**ASSIGNMENT**
After locating the line that holds "Mexen Kevin 1-bowl", copy that line and all that follow it word for word through the end of the data, with no pictures.

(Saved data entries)
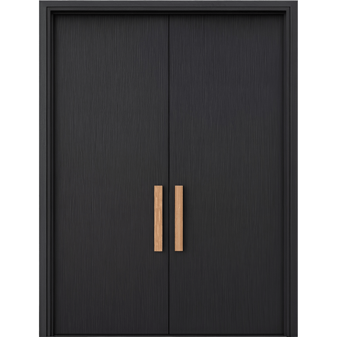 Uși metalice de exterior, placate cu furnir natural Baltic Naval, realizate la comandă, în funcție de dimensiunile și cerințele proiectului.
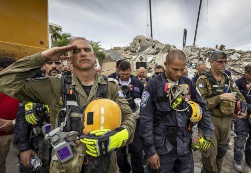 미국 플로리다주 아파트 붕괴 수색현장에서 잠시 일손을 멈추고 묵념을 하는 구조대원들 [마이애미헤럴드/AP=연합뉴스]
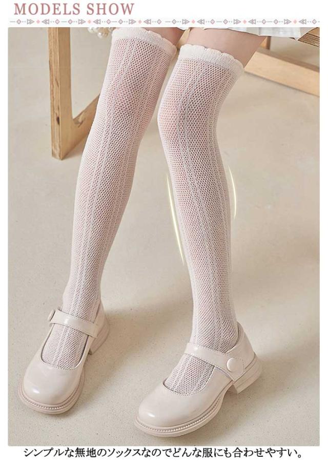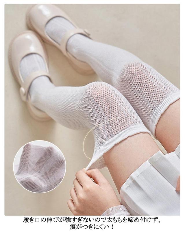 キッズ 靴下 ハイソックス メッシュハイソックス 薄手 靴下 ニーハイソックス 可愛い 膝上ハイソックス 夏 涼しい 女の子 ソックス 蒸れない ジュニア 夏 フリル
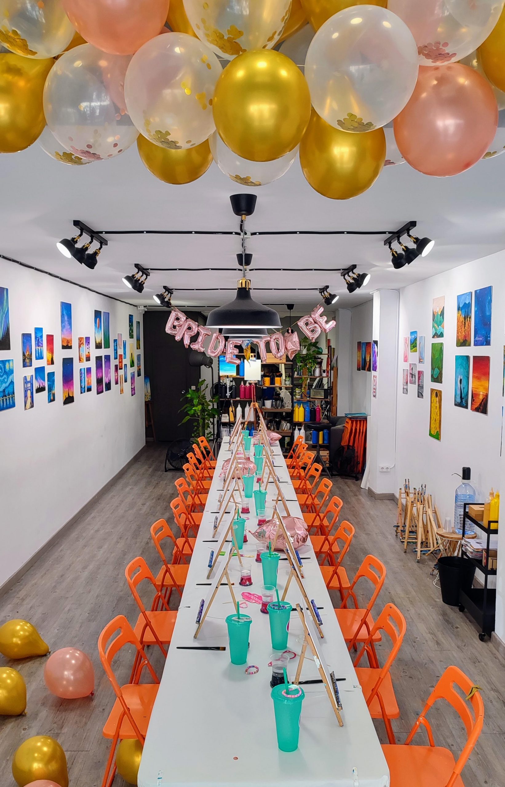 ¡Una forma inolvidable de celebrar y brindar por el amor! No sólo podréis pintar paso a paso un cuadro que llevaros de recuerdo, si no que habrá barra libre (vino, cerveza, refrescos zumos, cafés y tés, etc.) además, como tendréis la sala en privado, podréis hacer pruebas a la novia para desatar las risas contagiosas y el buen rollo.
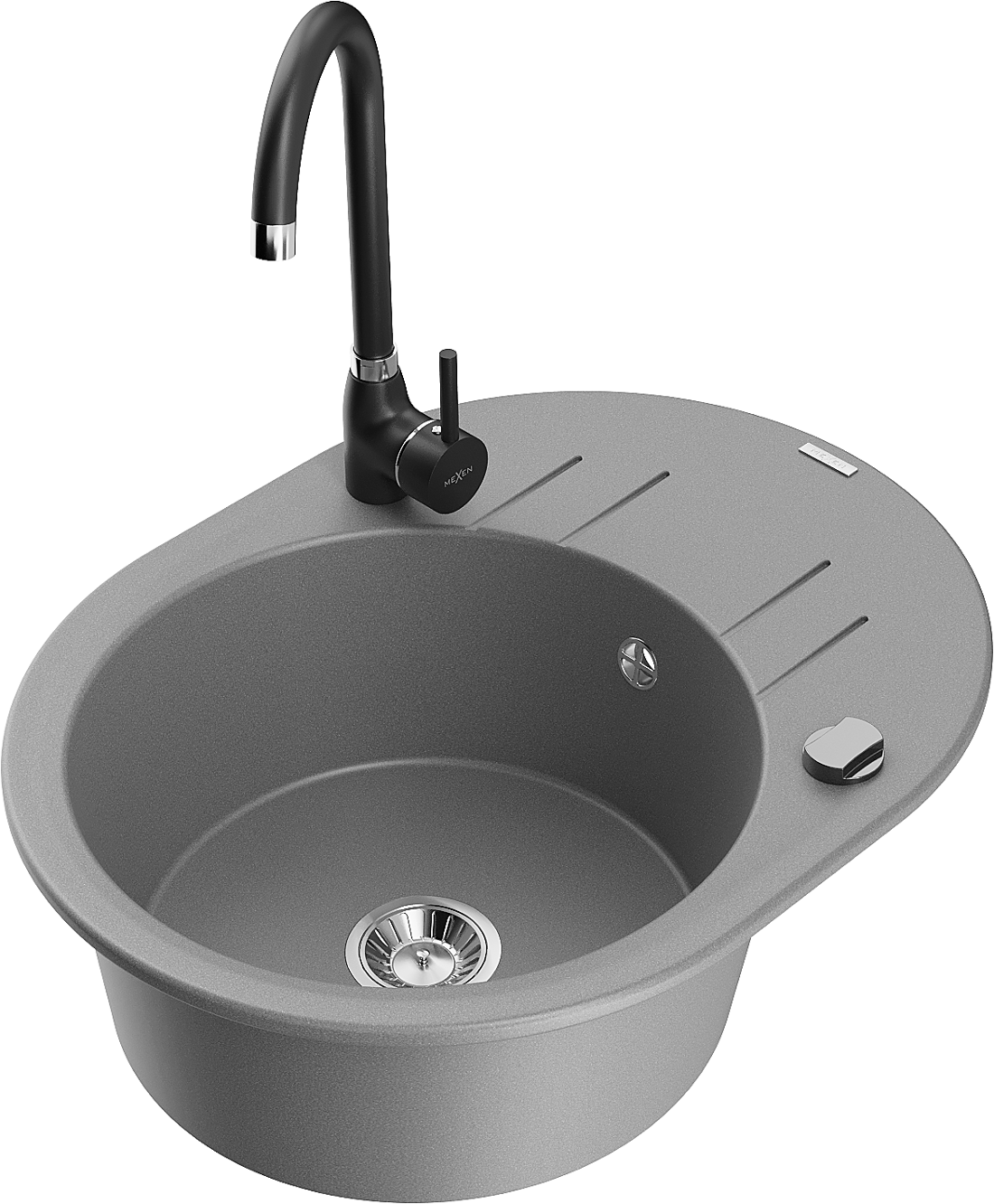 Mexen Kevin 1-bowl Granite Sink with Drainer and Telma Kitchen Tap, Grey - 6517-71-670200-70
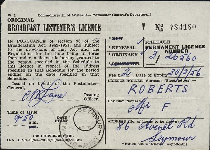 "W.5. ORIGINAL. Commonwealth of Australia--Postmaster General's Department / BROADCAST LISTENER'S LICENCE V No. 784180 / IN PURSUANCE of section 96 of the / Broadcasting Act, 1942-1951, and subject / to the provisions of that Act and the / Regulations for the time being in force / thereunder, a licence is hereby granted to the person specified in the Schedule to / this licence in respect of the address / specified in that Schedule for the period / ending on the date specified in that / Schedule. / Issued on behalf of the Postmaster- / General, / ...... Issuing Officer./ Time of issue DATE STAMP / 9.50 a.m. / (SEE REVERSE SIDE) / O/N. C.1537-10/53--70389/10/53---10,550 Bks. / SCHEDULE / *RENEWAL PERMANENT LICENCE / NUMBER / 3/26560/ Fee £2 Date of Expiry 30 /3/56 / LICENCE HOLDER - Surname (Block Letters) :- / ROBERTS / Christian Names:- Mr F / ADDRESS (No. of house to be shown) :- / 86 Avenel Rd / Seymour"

**RESPONSE**
 Mexen Kevin 1-bowl Granite Sink with Drainer and Telma Kitchen Tap, Grey - 6517-71-670200-70
 "W.5. ORIGINAL. Commonwealth of Australia--Postmaster General's Department / BROADCAST LISTENER'S LICENCE V No. 784180 / IN PURSUANCE of section 96 of the / Broadcasting Act, 1942-1951, and subject / to the provisions of that Act and the / Regulations for the time being in force / thereunder, a licence is hereby granted to the person specified in the Schedule to / this licence in respect of the address / specified in that Schedule for the period / ending on the date specified in that / Schedule. / Issued on behalf of the Postmaster- / General, / ...... Issuing Officer./ Time of issue DATE STAMP / 9.50 a.m. / (SEE REVERSE SIDE) / O/N. C.1537-10/53--70389/10/53---10,550 Bks. / SCHEDULE / *RENEWAL PERMANENT LICENCE / NUMBER / 3/26560/ Fee £2 Date of Expiry 30 /3/56 / LICENCE HOLDER - Surname (Block Letters) :- / ROBERTS / Christian Names:- Mr F / ADDRESS (No. of house to be shown) :- / 86 Avenel Rd / Seymour"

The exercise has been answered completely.